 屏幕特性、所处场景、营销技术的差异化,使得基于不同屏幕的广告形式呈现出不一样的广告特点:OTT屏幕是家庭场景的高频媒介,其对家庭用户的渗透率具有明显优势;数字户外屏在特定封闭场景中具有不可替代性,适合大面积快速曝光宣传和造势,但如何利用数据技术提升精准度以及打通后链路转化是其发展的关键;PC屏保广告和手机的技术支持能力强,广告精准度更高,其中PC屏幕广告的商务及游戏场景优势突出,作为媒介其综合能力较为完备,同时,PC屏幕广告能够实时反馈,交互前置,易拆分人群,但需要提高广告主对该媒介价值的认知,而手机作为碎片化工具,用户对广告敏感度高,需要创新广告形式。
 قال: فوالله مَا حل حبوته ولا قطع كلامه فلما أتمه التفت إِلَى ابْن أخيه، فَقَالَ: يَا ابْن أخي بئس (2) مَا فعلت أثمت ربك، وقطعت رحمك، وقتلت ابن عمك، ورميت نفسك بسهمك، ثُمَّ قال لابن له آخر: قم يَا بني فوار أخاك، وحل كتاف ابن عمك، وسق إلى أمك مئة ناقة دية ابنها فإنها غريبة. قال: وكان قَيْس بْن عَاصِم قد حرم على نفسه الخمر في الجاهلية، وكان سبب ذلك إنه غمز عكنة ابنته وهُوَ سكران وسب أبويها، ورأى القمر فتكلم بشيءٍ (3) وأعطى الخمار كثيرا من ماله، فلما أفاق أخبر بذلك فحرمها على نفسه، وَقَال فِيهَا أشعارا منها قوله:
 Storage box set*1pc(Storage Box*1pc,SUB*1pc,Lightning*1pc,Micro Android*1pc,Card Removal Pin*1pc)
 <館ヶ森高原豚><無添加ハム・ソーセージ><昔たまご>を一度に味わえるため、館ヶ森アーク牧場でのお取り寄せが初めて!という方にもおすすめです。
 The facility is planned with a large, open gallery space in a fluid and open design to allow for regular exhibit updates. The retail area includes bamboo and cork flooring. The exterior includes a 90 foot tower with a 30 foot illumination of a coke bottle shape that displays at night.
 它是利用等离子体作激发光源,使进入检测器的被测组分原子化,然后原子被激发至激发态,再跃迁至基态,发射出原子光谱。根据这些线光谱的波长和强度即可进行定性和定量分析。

Exercise objective: In the answer, the lines from the first line of the data above through the line containing "<館ヶ森高原豚><無添加ハム" must appear exactly as written, with nothing else.

Answer section:
 屏幕特性、所处场景、营销技术的差异化,使得基于不同屏幕的广告形式呈现出不一样的广告特点:OTT屏幕是家庭场景的高频媒介,其对家庭用户的渗透率具有明显优势;数字户外屏在特定封闭场景中具有不可替代性,适合大面积快速曝光宣传和造势,但如何利用数据技术提升精准度以及打通后链路转化是其发展的关键;PC屏保广告和手机的技术支持能力强,广告精准度更高,其中PC屏幕广告的商务及游戏场景优势突出,作为媒介其综合能力较为完备,同时,PC屏幕广告能够实时反馈,交互前置,易拆分人群,但需要提高广告主对该媒介价值的认知,而手机作为碎片化工具,用户对广告敏感度高,需要创新广告形式。
 قال: فوالله مَا حل حبوته ولا قطع كلامه فلما أتمه التفت إِلَى ابْن أخيه، فَقَالَ: يَا ابْن أخي بئس (2) مَا فعلت أثمت ربك، وقطعت رحمك، وقتلت ابن عمك، ورميت نفسك بسهمك، ثُمَّ قال لابن له آخر: قم يَا بني فوار أخاك، وحل كتاف ابن عمك، وسق إلى أمك مئة ناقة دية ابنها فإنها غريبة. قال: وكان قَيْس بْن عَاصِم قد حرم على نفسه الخمر في الجاهلية، وكان سبب ذلك إنه غمز عكنة ابنته وهُوَ سكران وسب أبويها، ورأى القمر فتكلم بشيءٍ (3) وأعطى الخمار كثيرا من ماله، فلما أفاق أخبر بذلك فحرمها على نفسه، وَقَال فِيهَا أشعارا منها قوله:
 Storage box set*1pc(Storage Box*1pc,SUB*1pc,Lightning*1pc,Micro Android*1pc,Card Removal Pin*1pc)
 <館ヶ森高原豚><無添加ハム・ソーセージ><昔たまご>を一度に味わえるため、館ヶ森アーク牧場でのお取り寄せが初めて!という方にもおすすめです。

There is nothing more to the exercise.